**Exercise directions**:
Output the data word for word, dropping every image.

*** Data for this exercise Section Begins ***

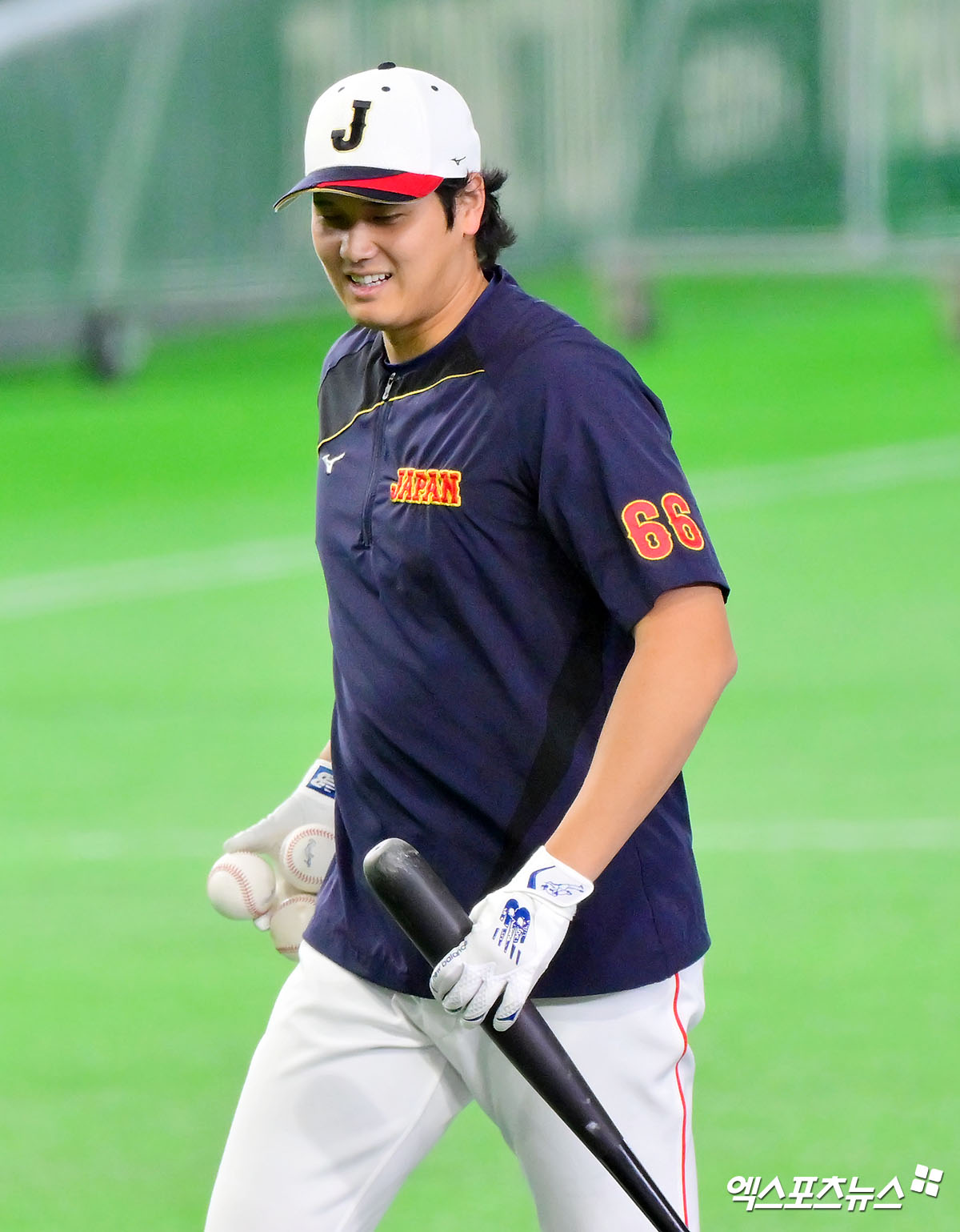 오타니는 6일 경기 전 연습에서 그라운드로 나와 프리 배팅 훈련에 임했다. 오타니는 타구를 연신 외야 관중석 위 상단 벽을 맞히는 괴력으로 도쿄돔에 모인 관중들의 탄성을 자아내게 했다. 오타니의 연습을 보기 위해 현지 취재진도 그라운드에 빈틈 없이 빼곡히 모여 뜨거운 열기를 뿜었다.
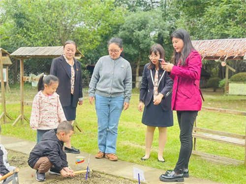 接下来,参会老师分组走进“小小红星馆”“七彩田园”“丛林探险”等园区环境,观摩幼儿活动。现场,孩子们通过红色绘本共读、沙地“长城”建构等活动,以稚嫩的话语和专注的实践,将爱国情感自然传递。
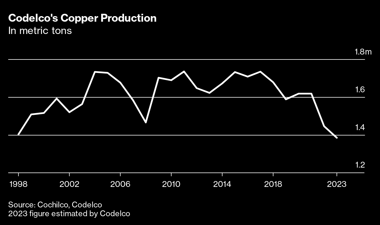 在新任首席执行官Ruben Alvarado的领导下,Codelco正在努力将产量从今年的130万吨左右(25年来的最低水平)提高到本年代末前的每年约170万吨的前疫情水平。
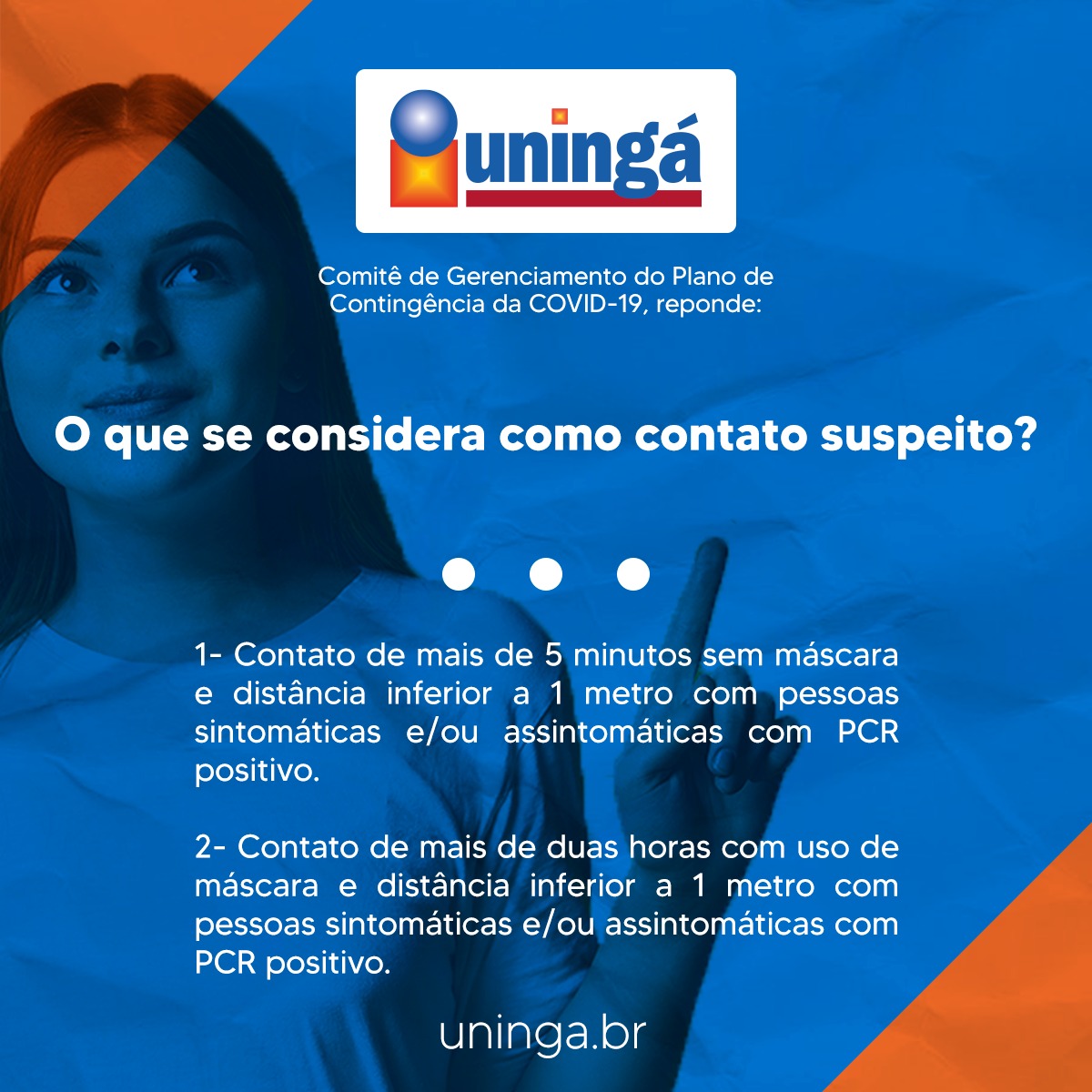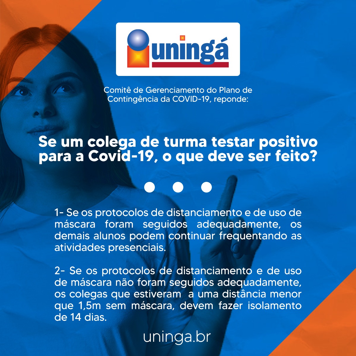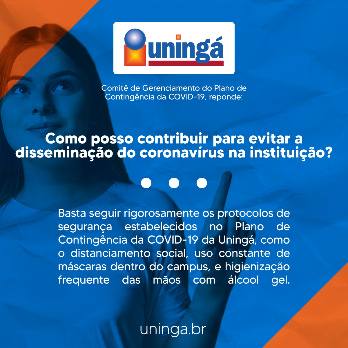 A Uningá trabalha para assegurar a segurança de seus acadêmicos e colaboradores a todo momento, por isso, foi elaborado com um corpo de especialistas o Plano de Contingência a Covid-19, a fim de evitar qualquer disseminação do vírus no campus.
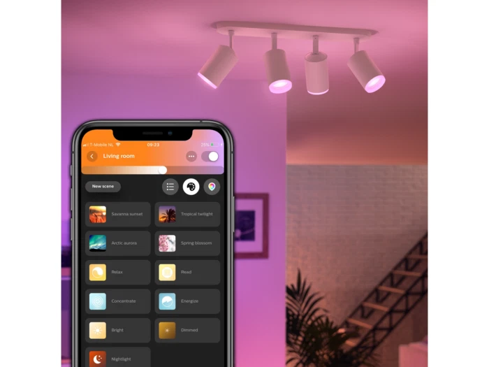 Styr Fugato-spottene direkte via Bluetooth på din smartphone med den gratis Hue-app. Du kan tilføje op til 10 lyskilder i samme rum og kontrollere dem individuelt eller samlet.
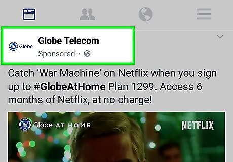 Scroll to an ad you wish to hide. Ads can appear as "Suggested" posts, though you might also see ads for pages that friends like.

*** Data for this exercise Section Ends ***

**Response for this exercise**:
 오타니는 6일 경기 전 연습에서 그라운드로 나와 프리 배팅 훈련에 임했다. 오타니는 타구를 연신 외야 관중석 위 상단 벽을 맞히는 괴력으로 도쿄돔에 모인 관중들의 탄성을 자아내게 했다. 오타니의 연습을 보기 위해 현지 취재진도 그라운드에 빈틈 없이 빼곡히 모여 뜨거운 열기를 뿜었다.
 接下来,参会老师分组走进“小小红星馆”“七彩田园”“丛林探险”等园区环境,观摩幼儿活动。现场,孩子们通过红色绘本共读、沙地“长城”建构等活动,以稚嫩的话语和专注的实践,将爱国情感自然传递。
 在新任首席执行官Ruben Alvarado的领导下,Codelco正在努力将产量从今年的130万吨左右(25年来的最低水平)提高到本年代末前的每年约170万吨的前疫情水平。
 A Uningá trabalha para assegurar a segurança de seus acadêmicos e colaboradores a todo momento, por isso, foi elaborado com um corpo de especialistas o Plano de Contingência a Covid-19, a fim de evitar qualquer disseminação do vírus no campus.
 Styr Fugato-spottene direkte via Bluetooth på din smartphone med den gratis Hue-app. Du kan tilføje op til 10 lyskilder i samme rum og kontrollere dem individuelt eller samlet.
 Scroll to an ad you wish to hide. Ads can appear as "Suggested" posts, though you might also see ads for pages that friends like.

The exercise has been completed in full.